→ Exercise input:
□ □ □ □

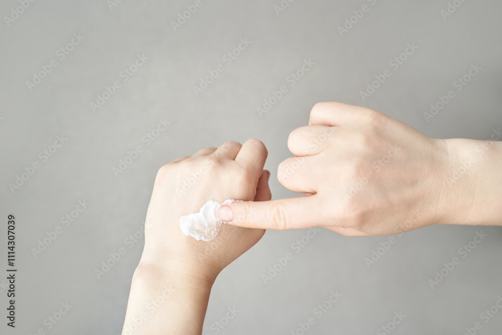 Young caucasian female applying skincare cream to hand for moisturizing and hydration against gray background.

□ □ □ □

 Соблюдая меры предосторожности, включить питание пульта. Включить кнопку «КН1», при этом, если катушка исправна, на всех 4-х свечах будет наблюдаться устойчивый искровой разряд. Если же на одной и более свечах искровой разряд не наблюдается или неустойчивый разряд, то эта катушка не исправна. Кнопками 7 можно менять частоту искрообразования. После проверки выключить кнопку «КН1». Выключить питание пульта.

□ □ □ □

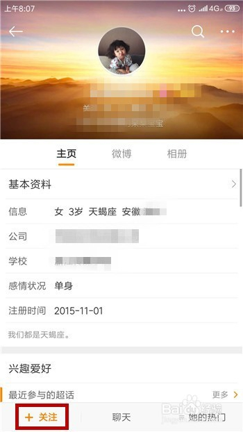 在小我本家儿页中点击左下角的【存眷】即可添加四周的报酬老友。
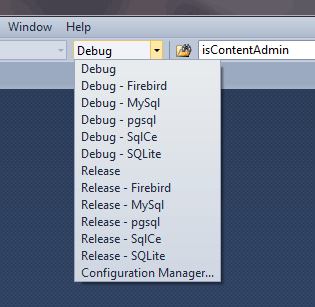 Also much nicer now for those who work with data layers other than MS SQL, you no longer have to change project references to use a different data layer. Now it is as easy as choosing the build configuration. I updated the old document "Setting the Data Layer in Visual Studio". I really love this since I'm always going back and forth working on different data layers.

□ □ □ □

→ Assigned task: Would you transcribe the lines above exactly, going from the line bearing "在小我本家儿页中点击左下角的【存眷】即可添加四周的报酬老友。" through the line bearing "Also much nicer", and drop the pictures from the copy?

→ Solved exercise:
 在小我本家儿页中点击左下角的【存眷】即可添加四周的报酬老友。
 Also much nicer now for those who work with data layers other than MS SQL, you no longer have to change project references to use a different data layer. Now it is as easy as choosing the build configuration. I updated the old document "Setting the Data Layer in Visual Studio". I really love this since I'm always going back and forth working on different data layers.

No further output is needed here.